» Exercise
Repeat everything in the listing exactly, except for the images.

» The data
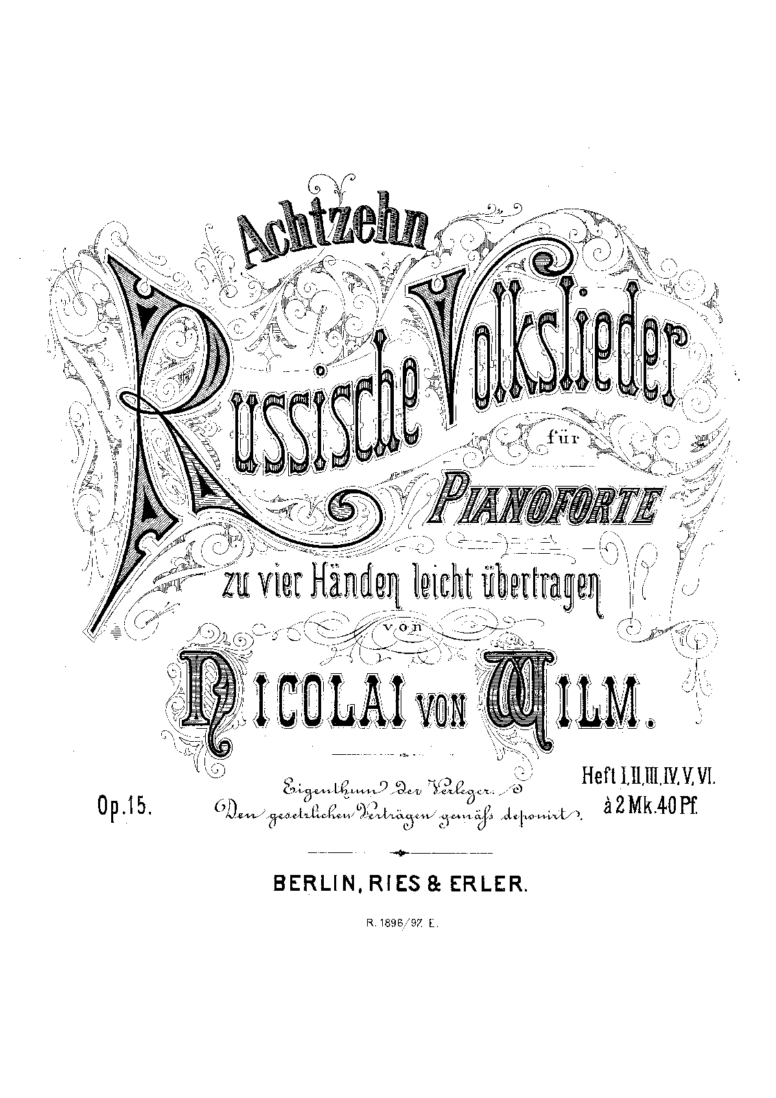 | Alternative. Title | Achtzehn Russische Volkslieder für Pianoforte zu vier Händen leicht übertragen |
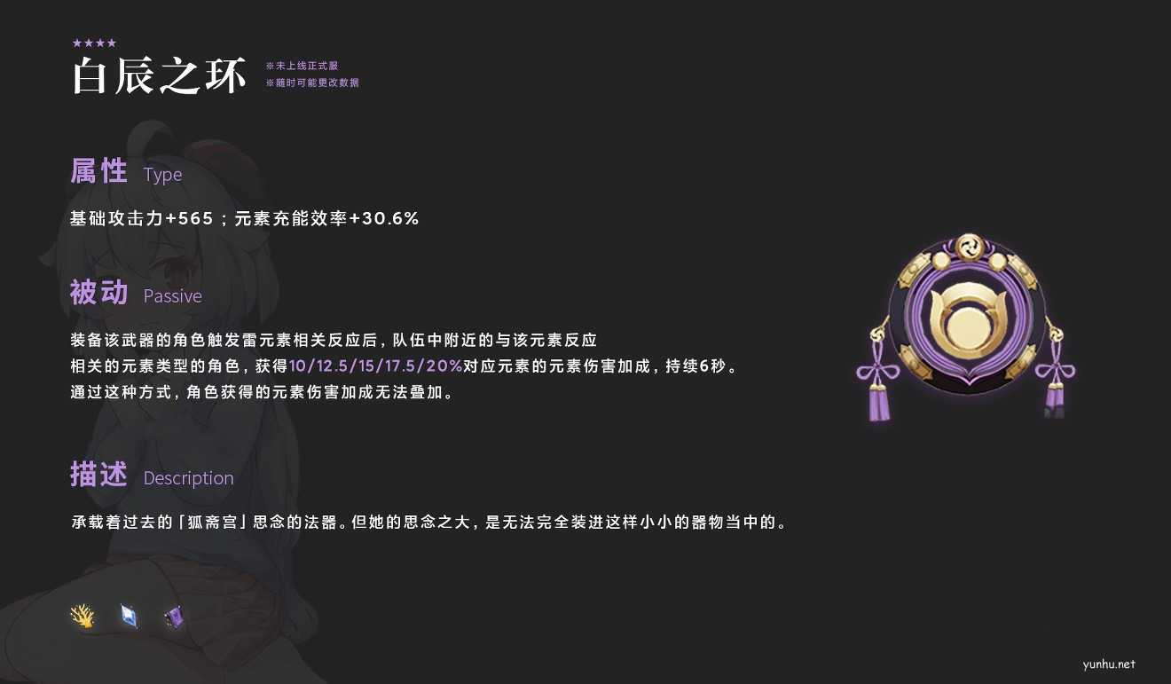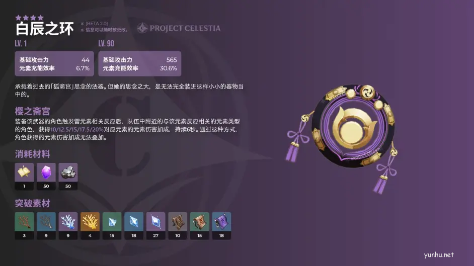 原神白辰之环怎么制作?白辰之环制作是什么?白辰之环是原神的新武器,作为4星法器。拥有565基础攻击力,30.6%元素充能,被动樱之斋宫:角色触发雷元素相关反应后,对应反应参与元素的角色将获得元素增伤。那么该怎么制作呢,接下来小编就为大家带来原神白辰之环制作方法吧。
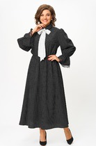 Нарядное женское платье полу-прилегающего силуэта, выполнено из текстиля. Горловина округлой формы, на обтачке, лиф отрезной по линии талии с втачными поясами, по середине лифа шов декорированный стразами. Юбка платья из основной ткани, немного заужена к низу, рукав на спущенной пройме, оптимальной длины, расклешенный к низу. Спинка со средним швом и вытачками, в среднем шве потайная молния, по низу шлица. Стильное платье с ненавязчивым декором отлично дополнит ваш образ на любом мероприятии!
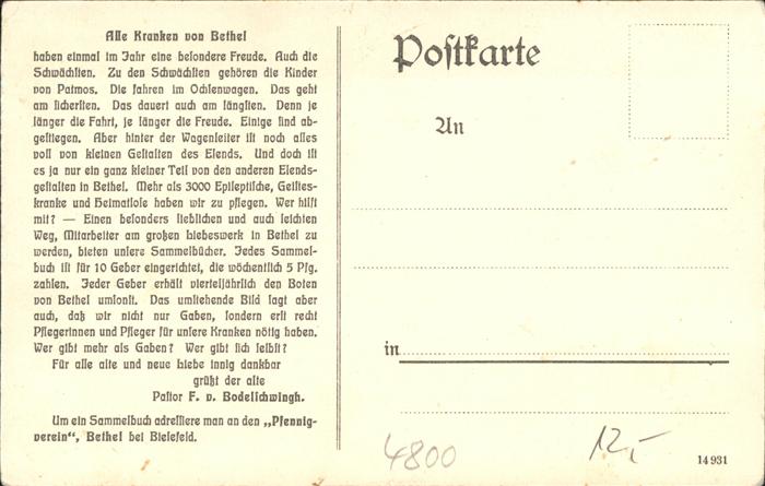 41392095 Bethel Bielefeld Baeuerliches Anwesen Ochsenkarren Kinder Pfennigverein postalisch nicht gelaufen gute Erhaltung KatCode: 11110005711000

» Output below
 | Alternative. Title | Achtzehn Russische Volkslieder für Pianoforte zu vier Händen leicht übertragen |
 原神白辰之环怎么制作?白辰之环制作是什么?白辰之环是原神的新武器,作为4星法器。拥有565基础攻击力,30.6%元素充能,被动樱之斋宫:角色触发雷元素相关反应后,对应反应参与元素的角色将获得元素增伤。那么该怎么制作呢,接下来小编就为大家带来原神白辰之环制作方法吧。
 Нарядное женское платье полу-прилегающего силуэта, выполнено из текстиля. Горловина округлой формы, на обтачке, лиф отрезной по линии талии с втачными поясами, по середине лифа шов декорированный стразами. Юбка платья из основной ткани, немного заужена к низу, рукав на спущенной пройме, оптимальной длины, расклешенный к низу. Спинка со средним швом и вытачками, в среднем шве потайная молния, по низу шлица. Стильное платье с ненавязчивым декором отлично дополнит ваш образ на любом мероприятии!
 41392095 Bethel Bielefeld Baeuerliches Anwesen Ochsenkarren Kinder Pfennigverein postalisch nicht gelaufen gute Erhaltung KatCode: 11110005711000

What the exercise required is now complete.